What can be observed is how in at least 75 out of every 100 scenarios measured during this period3, the lump-sum approach would have grown the investor’s portfolio by more than would have been the case if their investments had been spread over three months. This remained true regardless of whether the money was invested in a 100% shares portfolio or in portfolios split 60/40 and 40/60 between shares and bonds.
100% equity |
60% equity / 40% bonds |
40% equity/60% bonds |
||||
Percentile |
Lump-sum | Cost averaging | Lump-sum | Cost averaging | Lump-sum | Cost-averaging |
95th | $139,453 |
$131,012 |
$127,631 |
$121,967 |
$122,673 |
$118,303 |
75th | 119,063 | 116,286 | 113,661 |
111,545 |
111,686 |
109,640 |
50th | 111,940 | 109,580 | 109,360 |
107,453 |
107,648 |
106,400 |
25th | 102,070 | 101,531 | 104,082 |
103,134 |
104,420 |
103,290 |
5th | 82,947 | 85,906 | 92,720 |
94,043 |
97,144 |
97,701 |
Past performance is no guarantee of future returns. The performance of an index is not an exact representation of any particular investment, as you cannot invest directly in an index.
Source: Vanguard. Notes: This figure is for illustrative purposes only and does not represent any particular investment. Percentiles are for a one-year rolling investment period with a starting wealth of $100,000 for each of three portfolios (100% equity, 60% equity/40% bonds, and 40% equity/60% bonds) using a lump-sum strategy versus a three-month cost averaging split (splitting a lump sum into three equal parts and investing each one a month apart). Calculations are made using MSCI World Index and Bloomberg US Aggregate Bond Index returns for 1976–2022.
It should be stressed that the performance data above excludes costs and is just for illustrative purposes. The observable trend, nonetheless, is clear.
So, when there’s a choice to be had, remember that lump-sum investing holds a distinct edge over pound-cost averaging.

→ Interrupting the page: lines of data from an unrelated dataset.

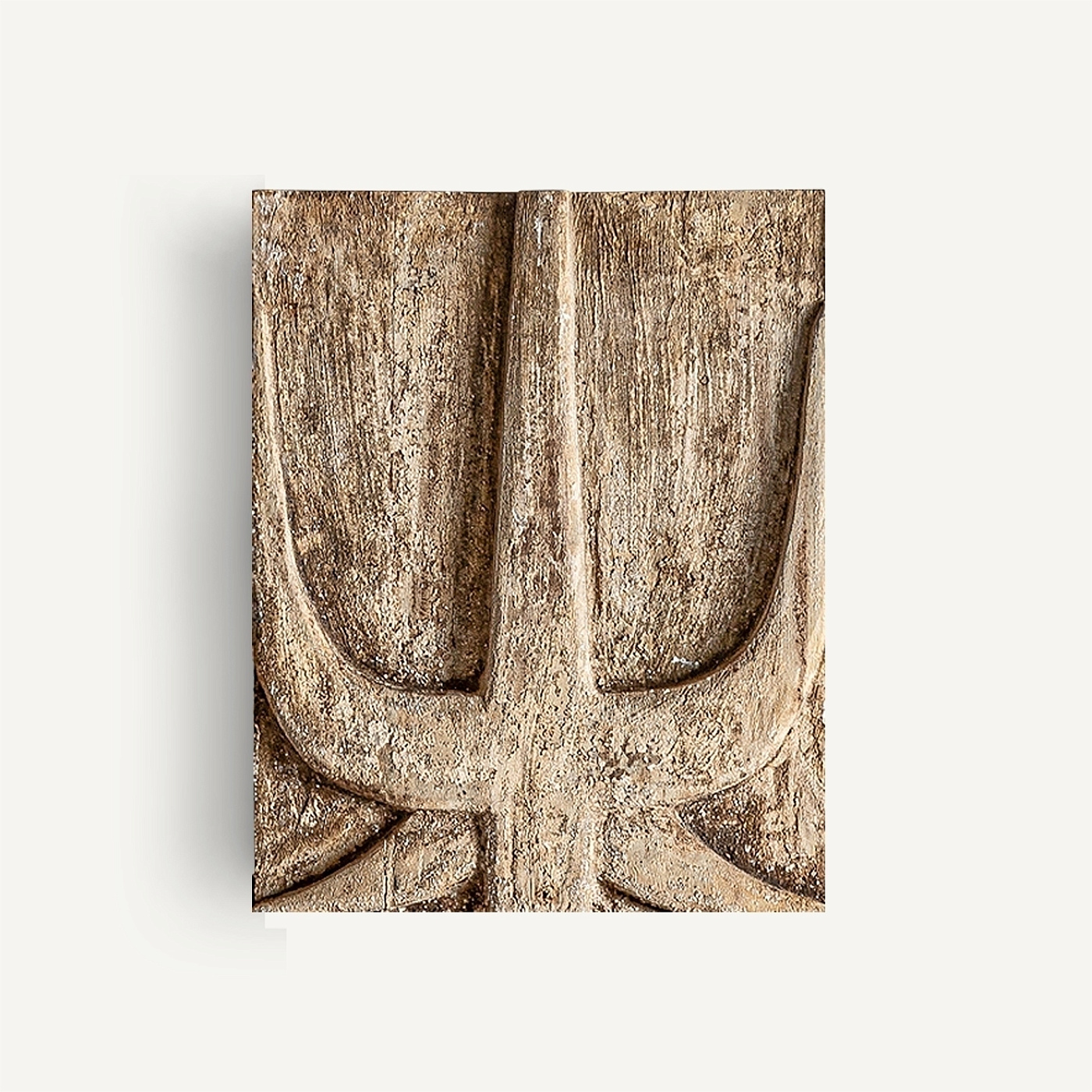 Декоративная панель в этническом стиле, выполненная из бежевого дерева суар с состаренной отделкой.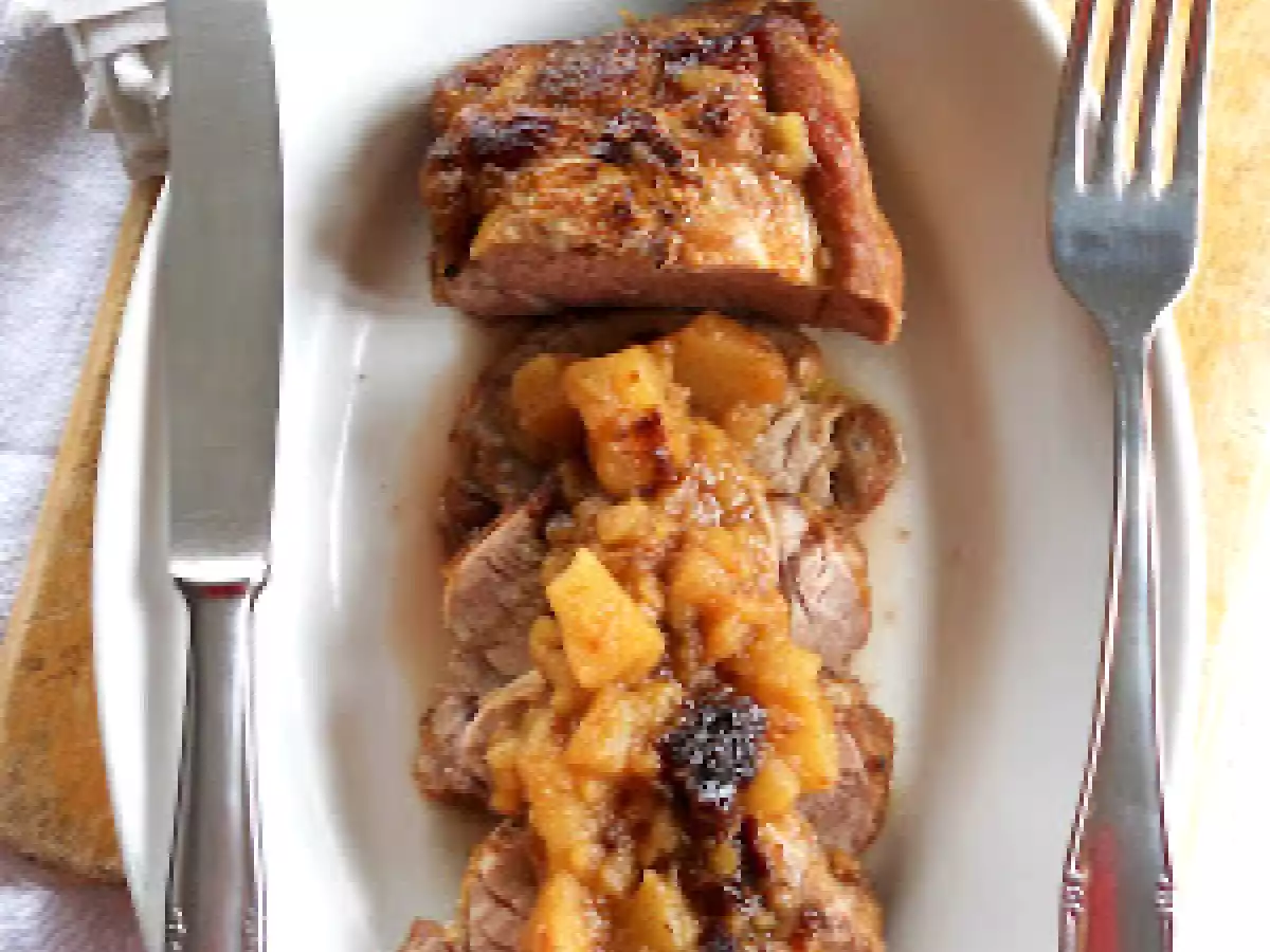 Filetto di maiale alle mele e prugne PrecedenteProssimo Portata principalefacile45 min1558 Kcal Invia questa ricetta ad un amico Stampa la ricetta Contatta l'autore della Ricetta Pubblica la foto di questa ricetta Ingredienti 2 600 g filetto di maiale 5 mele 10 prugne secche 50 g burro 1 stecca di cannella olio evo sale pepe Costo stimato: 8.46Euros€ (4.23€/Porzioni)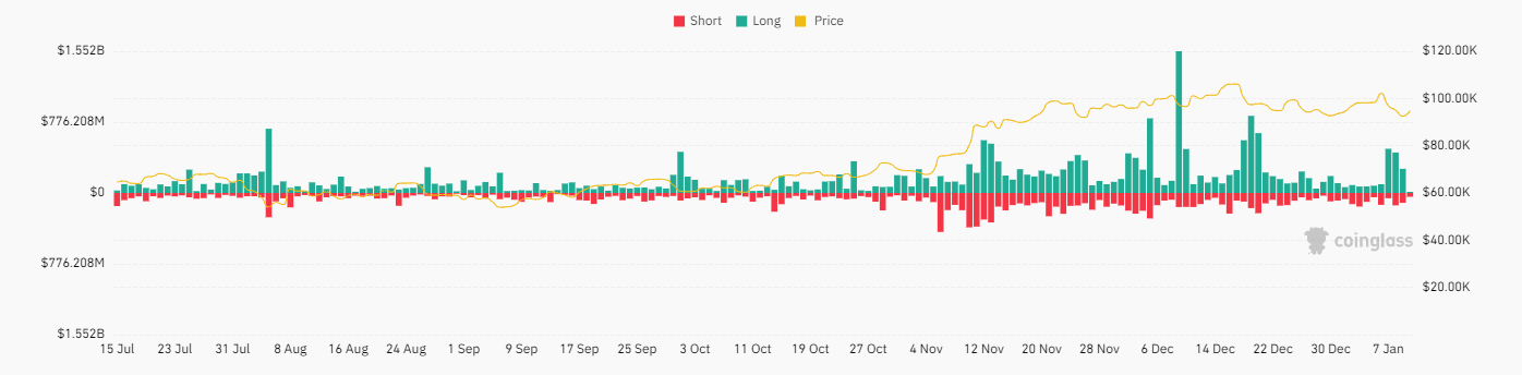The funding rates for major cryptocurrencies have remained at muted levels since last spring. They only began to show some signs of overheating in early December but have since returned to muted levels for almost a month. The total liquidations chart also reflects this trend, showing no particularly high liquidation events over the last two weeks. While this week saw nearly $1.5 billion in liquidations, that figure was reached in a single day back in December. Similarly, during the correction before Christmas, total liquidations were higher than they have been this week, as shown in the chart below.

Still, as shown in the lowest 5th percentile of market performances during the study period – the bottom row of the table – lump-sum investing can initially hurt your wealth more than cost averaging if you happen to be particularly unlucky with your timing and invest during a downturn.
It’s why, for more cautious and loss-averse investors, pound-cost averaging a lump sum rather than investing it all at once can still play a useful role by shielding you from the possibility of regret, even if reduces your returns in the long run, as the evidence would suggest.
Investing a lump sum gradually is also better than not investing at all since pound-cost averaging, our experts found, has historically performed better than if you just stuck with cash4.
1 Megan Finlay and Josef Zorn, Ph.D., CFP®, ‘Cost averaging: Invest now or temporarily hold your cash’, Vanguard Research, February 2023.
2 In this case, the MSCI World Index.
3 10,000 different simulations were run in all.
4 In their study, [KD2] Finlay and Zorn found it outperformed cash 69% of the time. Outperformance is based on comparing wealth after a one-year investment horizon with a three-month cost averaging split (splitting a lump sum into three equal parts and investing each one a month apart) and after a cash-only strategy using the 3-month US Treasury bill rate as a proxy.